Employment Law27.12.2022 Newsletter

Default of acceptance wages after dismissal – welcome decision for employers

Just as the year draws to a close, there is one more piece of good news for employers: it was often the case to date that employees registered with the employment agency as unemployed after being dismissed by their employer. There, claims to default of acceptance wages were asserted. Frequently, either no or insufficient efforts to apply for jobs were made in such cases. In its decision of 30 September 2022 - 6 Sa 280/22, the Regional Labour Court [Landesarbeitsgericht, LAG] of Berlin-Brandenburg "certified" that an employee had made insufficient efforts to apply for a job and dismissed his claim to default of acceptance wages.

What happened?

The defendant employer had issued several invalid notices of termination to the plaintiff employee. The employee had subsequently claimed default of acceptance wages for the period from May 2017 up to and including April 2021. The employer rejected this with reference to Sec. 11 no. 2 of the German Unfair Dismissals Act [Kündigungsschutzgesetz, KSchG]. It was of the opinion that the employee could have been employed elsewhere during the periods in dispute. In consideration of the placement offers, he had not made sufficient efforts to apply for jobs and had therefore maliciously failed to generate earnings elsewhere. .

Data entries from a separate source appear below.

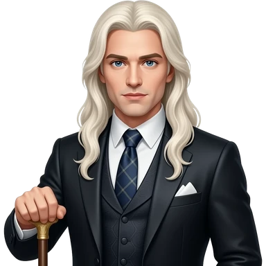 Lucius Malfoy emoji, Apple style, clean 3D, soft gradients, adult man, long platinum blond hair, aristocratic features, cane, cold expression, minimal icon, centered, white background, high detail emoji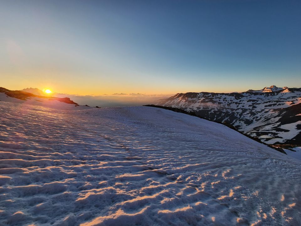 Start auf dem Parkplatz um 05.00 Uhr bei guten Verhältnissen. Genügend Schnee, gefroren bis oben zum Skidepot. Spur ist nicht vorhanden.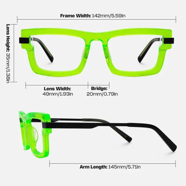 Elevate your style with our rectangular glasses frame, designed for the modern man. Express your individuality with our fashionable design and bold color choices. ^^ Crafted from high-quality acetate, our glasses frame ensures durability and comfort for all-day wear. The sturdy material offers a sophisticated look while providing a lightweight feel. ^^ These clear lens glasses are perfect for adding a touch of sophistication to any outfit. Whether at work or social events, our frames are versatile and always in style. ^^ Blue light blocking glasses can effectively block blue light and UV400, which is very suitable for people who often work in front of the screen or play games.

Berlin-Brandenburg Regional Labour Court rules in favour of the employer

Both the Labour Court [Arbeitsgericht, ArbG] and the Regional Labour Court ruled in the employer’s favour. The employee had to disclose the individual placement offers of the employment agency in response to a claim to information asserted by the employer. It turned out that the employee had shown only few and insufficient efforts to apply for jobs, despite having received a considerable number of placement offers. On average, the employee had not even submitted one application per week, despite the fact that, according to the Regional Labour Court, he "was without work during the period in question and thus could and should have made efforts to apply in the scope of a full-time position”. The applications were also inadequate in terms of their content.

The employer had therefore presented sufficient indications of a malicious failure to generate earnings elsewhere pursuant to Sec. 11 no. 2 KSchG. The employee thus came away empty-handed. 

What the decision means for employers

Employees who have registered with the employment agency as unemployed after being dismissed by their employer often show little effort to find a new employment opportunity. Instead, frequently only claims to default of acceptance wages have been asserted to date. In cases where the invalidity of the dismissal was subsequently established with legally binding effect, employers often found themselves exposed to considerable claims to default of acceptance wages. 

However, Sec. 11 no. 2 KSchG stipulates that the amount that the employee could have earned if he had not maliciously failed to accept a job could reasonably be expected to be credited against his claim to compensation for default of acceptance. The employment agency generally makes placement offers to the employee concerned. If the employee then makes no or only insufficient efforts to apply for a job, this may justify the objection of a malicious omission pursuant to Sec. 11 no. 2 KSchG in individual cases and reduce the claim to default of acceptance wages.

However, the employer first requires knowledge of the placement offers of the employment agency. In its ruling of 27 May 2020 - 5 AZR 387/19, the Federal Labour Court granted employers a corresponding right to information and strengthened their position. The employer may subsequently - depending on the circumstances - support its objection pursuant to Sec. 11 no. 2 KSchG on the basis of the placement offers. In this case, it is the employee's responsibility to demonstrate, by way of a graduated burden of representation and proof, why a contract was not concluded or why it would have been unreasonable for him to conclude such a contract.  

Outlook

The decision of the Berlin-Brandenburg Regional Labour Court is to be welcomed, as it clearly rejects the previous practice of "sitting back and relaxing" after registering as unemployed. The judgement is not yet legally binding. Since the legal criteria used by the Regional Labour Court as a basis for the burden of representation and proof reflect the case law of the Federal Labour Court [Bundesarbeitsgericht, BAG], there is a good chance here that the Federal Labour Court will confirm the decision.

Employers are well advised not to rashly accept any claims to default of acceptance wages, but to consider the objection of a malicious omission pursuant to Sec. 11 no. 2 KSchG. Since procedural peculiarities and the respective circumstances of the individual case must be taken into account when defending against claims to default of acceptance wages, employers are advised to seek legal advice.